A vocal critic of the "clap for carers" trend, she admits that at the start it moved her to tears. But today she scorns the Government for perpetuating the "dehumanising" image of NHS "heroes" – Clarke wants to show medics "in all their shades of grey", and document the "remarkable, uplifting moments" she witnessed at the bleakest of times. "Staff and patients displayed so much courage, decency, kindness and compassion – you saw the absolute best of humanity," she says. "It was a privilege, and I clung to that."
Channelling her experiences through the fictional Abbey, Clarke hopes viewers will understand why she felt she had to speak out. And despite the online abuse she’s faced, and the cold shoulder from the upper echelons of the NHS, she says having an outlet to speak truth to power has been a relief.
"The NHS has a track record of treating whistleblowers terribly, of chewing them up and spitting them out," she says, pointing to the repeatedly silenced voices in the Lucy Letby baby murder case. "The onus is on NHS England to create a culture where people can speak out without their lives being ruined. I really hope this drama can generate discussion about that."
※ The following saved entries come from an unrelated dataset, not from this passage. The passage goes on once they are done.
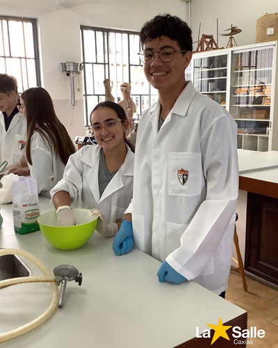 Na aula prática com a 1ª série do Ensino Médio, os estudantes realizaram a extração do glúten a partir de farinha de trigo, compreendendo na prática o que é essa importante proteína presente nos cereais e suas propriedades, como elasticidade e resistência.
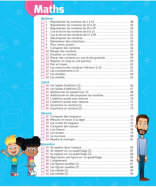 Ce cahier d’entrainement permet de réviser le programme de CP en français et en maths et de progresser.
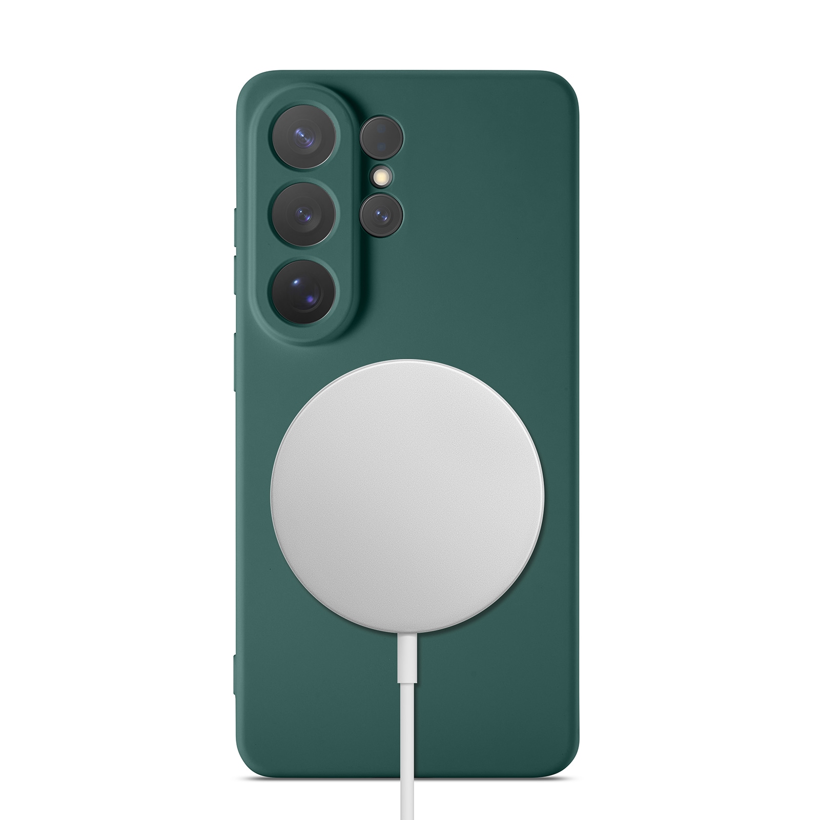 De hoes heeft een magnetische ring aan de binnenkant en is compatibel met MagSafe-accessoires zoals opladers en kaarthouders.

Clarke has found screenwriting liberating and is looking at how she might funnel more of her experiences through fictional characters. Medical career be damned, this passionate defender of NHS doctors and nurses won’t be muzzled. "NHS staff all have a statutory duty of candour, and I happen to believe that goes all the way up to the chief executive of NHS England, the health secretary and the prime minister.
"If we want to do better next time – and there will be a next time – the first step is to be completely candid about what happened. Collective trust is central to how you get through a pandemic. We can’t operate with individual agendas. If the cost of not being completely candid is that more patients may die, I’m never going to stop speaking up."